Notice that in the above examples the agent did some extra work after querying the RetrievalQAChain. You can avoid that and just return the result directly.

In [14]:
router_model = ChatOpenAI(model="gpt-4o-mini", temperature=0)

@tool
def sonnets_qa(question: str) -> str:
    """Answer questions about Shakespeare's sonnets."""
    return sonnets_chain.invoke(question)

@tool
def ruff_qa(question: str) -> str:
    """Answer questions about Ruff, the Python linter."""
    return ruff_chain.invoke(question)

In [15]:
# Create agent (router behavior comes from instruction + tool outputs)
router_agent = create_agent(router_model, tools=[sonnets_qa, ruff_qa],)

def route(q: str):
    # force router behavior in-message
    msg = (
        "You are a router.
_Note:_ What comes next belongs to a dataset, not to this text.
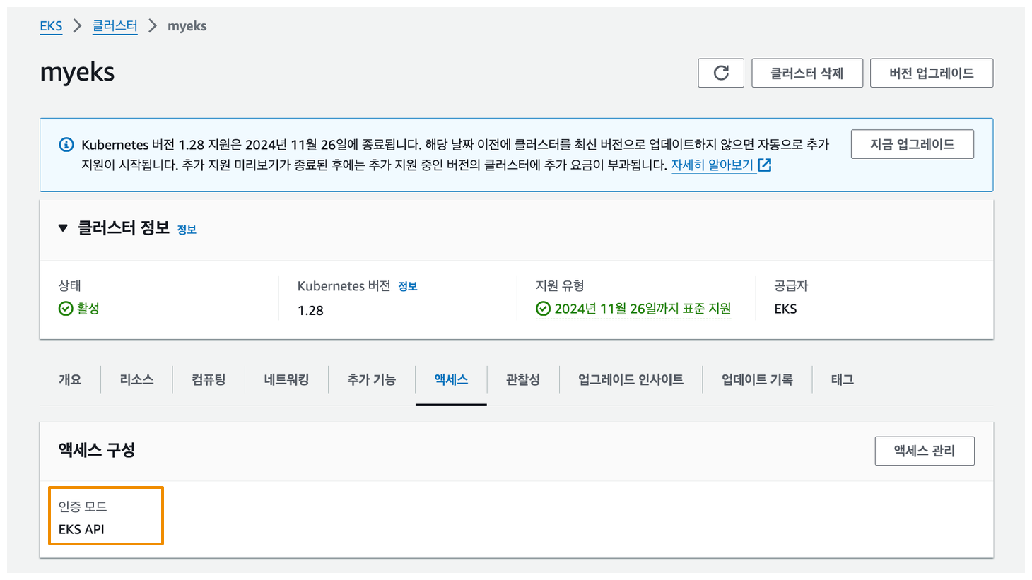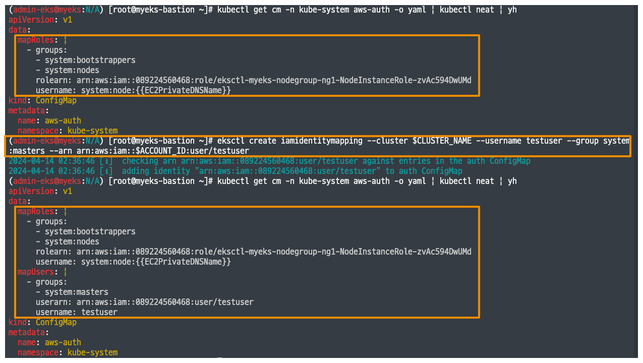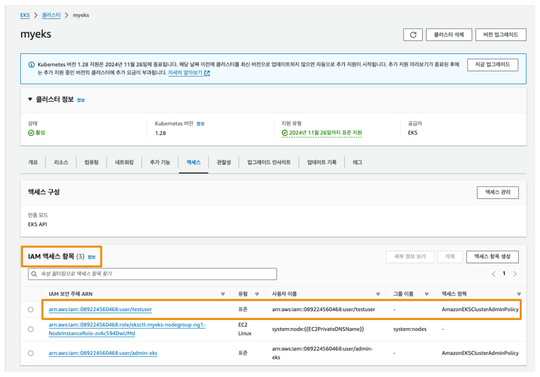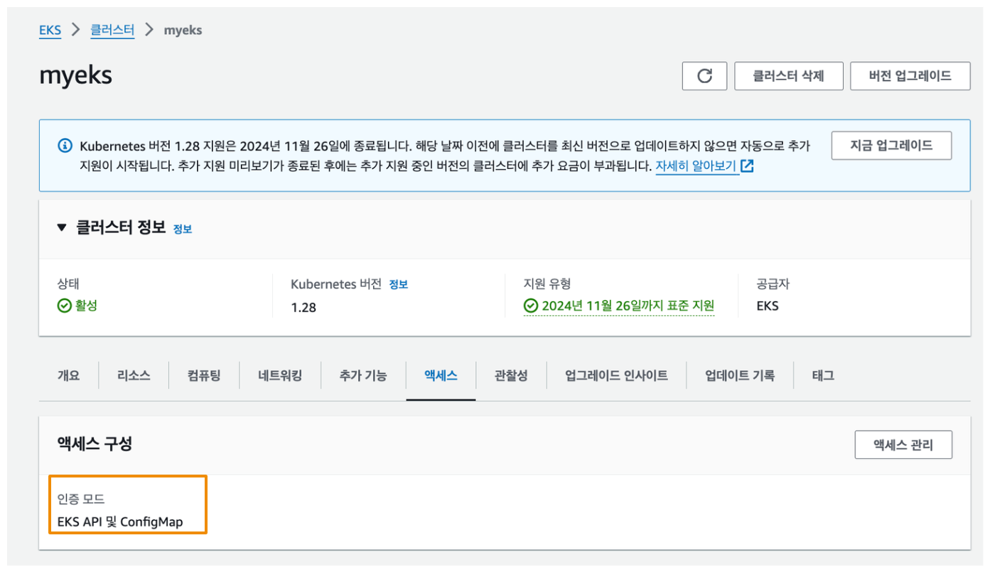 EKS 액세스 항목에서도 조회 및 생성이 가능합니다.

Choose the single best tool and call it once. "
        "Return EXACTLY the tool output with no extra commentary.\n\n"
        f"Question: {q}"
    )
    res = router_agent.invoke({"messages": [HumanMessage(msg)]})
    return res["messages"][-1].content

In [16]:
route("Why use ruff over flake8?")

"Ruff can be used as a drop-in replacement for Flake8 when used without or with a small number of plugins, alongside Black, and on Python 3 code. It implements every rule in Flake8 under those conditions and re-implements some popular Flake8 plugins natively. Additionally, Ruff has a larger rule set, implementing over 800 rules compared to Flake8's ~409 total rules. However, Ruff does not support custom lint rules and does not include all the 'opinionated' rules from flake8-bugbear."

In [17]:
route("What themes about time appear in the sonnets?")
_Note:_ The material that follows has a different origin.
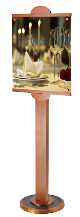 商场指示牌的底座由金属边框加大理石结合,够稳重、美观、高档。顶部展示面采用透明亚克力面板,更随时更换内容,展示面可选直面或斜面,是商场柜台或物业大堂摆放的必备品。

"The themes about time that appear in the sonnets include the inevitability of decay and the passage of time leading to loss. Time is depicted as a force that causes beauty and youth to fade, as seen in the imagery of nature's cycles, such as the day turning to night and plants that hold perfection only for a moment. The sonnets reflect on how everything grows and then diminishes, emphasizing the transient nature of life. Additionally, there is a sense of urgency to preserve beauty and love against the relentless advance of time, suggesting that procreation or creating a legacy is a way to defy time's scythe. Overall, time is portrayed as both a destructive force and a motivator for the speaker to immortalize beauty through verse."

In [18]:
route("What did biden say about ketanji brown jackson in the state of the union address?")

"I don't know."

## Multi-Hop vector store reasoning

Because vector stores are easily usable as tools in agents, it is easy to use answer multi-hop questions that depend on vector stores using the existing agent framework.

In [19]:
model = ChatOpenAI(model="gpt-4o-mini", temperature=0)

@tool
def sonnets_qa(question: str) -> str:
    """Answer questions about Shakespeare's sonnets. Use for literary themes, lines, or context from the sonnets."""
    return sonnets_chain.invoke(question)

@tool
def ruff_qa(question: str) -> str:
    """Answer questions about Ruff, the Python linter. Use for configuration, features, and behavior from the Ruff FAQ."""
    return ruff_chain.invoke(question)

In [20]:
multi_hop_agent = create_agent(model, tools=[sonnets_qa, ruff_qa])

def ask_multi(q: str):
    res = multi_hop_agent.invoke({"messages": [HumanMessage(q)]})
    return res["messages"][-1].content

In [21]:
ask_multi(
    "What tool does Ruff use to run over Jupyter Notebooks? "
    "Do the sonnets mention anything related to that tool or notebooks? "
    "Did the president mention that tool in the state of the union?"
)

"Ruff uses **nbQA** to run over Jupyter Notebooks. You can run Ruff over a notebook using the command: `$ nbqa ruff Untitled.ipynb`.\n\nAs for Shakespeare's sonnets, they do not mention anything related to tools or notebooks.\n\nRegarding whether the president mentioned Ruff in the state of the union, I don't have that information."